Among the other factors weighing on the pound; likelihood of early move by Bank Of England to cut deposit rate paid on bank reserves; likelihood of additional Quantitative Easing coming soon; and of course dire public finances. The recent rally in the FTSE will have provided the pound with some support- the concern is that if equities sell-off the pound could drop further. We need to see some consolidation over the next few trading sessions to support the pound; the better than expected public sector net borrowing data gave the pound a reprieve but we will need to see more good news to support the limp pound.
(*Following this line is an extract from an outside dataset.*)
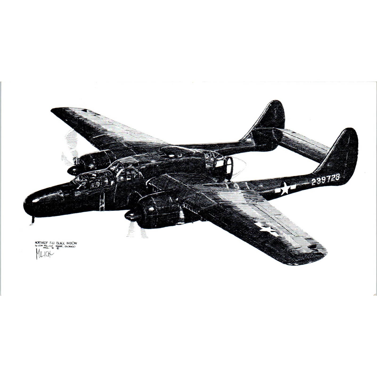 Vintage Postcard P-61 Black Widow Fighter Plane From the Warbird Collection EA3
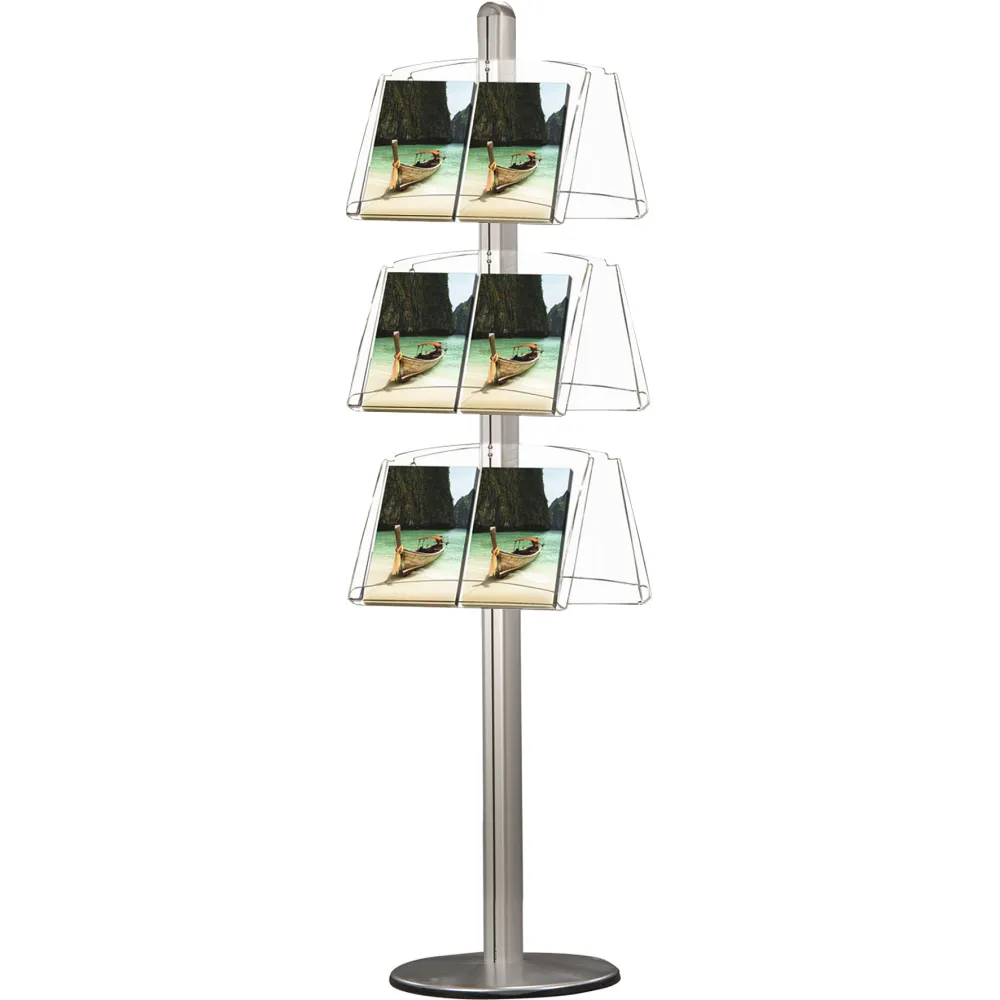 Dobbelsidig eloksert aluminium stander med 6 x A3 akrylhyller. Plass for 6 x A3 brosjyrer eller 12 x A4 brosjyrer.

On top of the bad news surrounding the pound we have also simultaneously witnessed consistent euro strength against the USD pushing up over 1.47. This has helped to keep the euro strong across the markets and also against the pound. In an article over the weekend the Telegraph are pointing towards GBP/EUR hitting parity in the first quarter of 2010; whilst this cannot be ruled out we must consider that economic sentiment is very fickle at the moment and the tide can change very quickly. This week the Bank of England minutes will be closely scrutinized to asses on further or imminent QE measures from the Bank of England.
The USD has made a comeback against the EUR, AUD, JPY and GBP over the last trading session. Previous to this USD weakness seemed to be engrained into the markets as various factors converged to heap pressure on the USD. The recent USD strength coming back into play has been attributed to this weeks FOMC interest rate meeting in the US; the expectation is growing that the Fed will discuss exit strategies in the near future and this will signal a hawkish tone with the potential for interest rate rises to follow.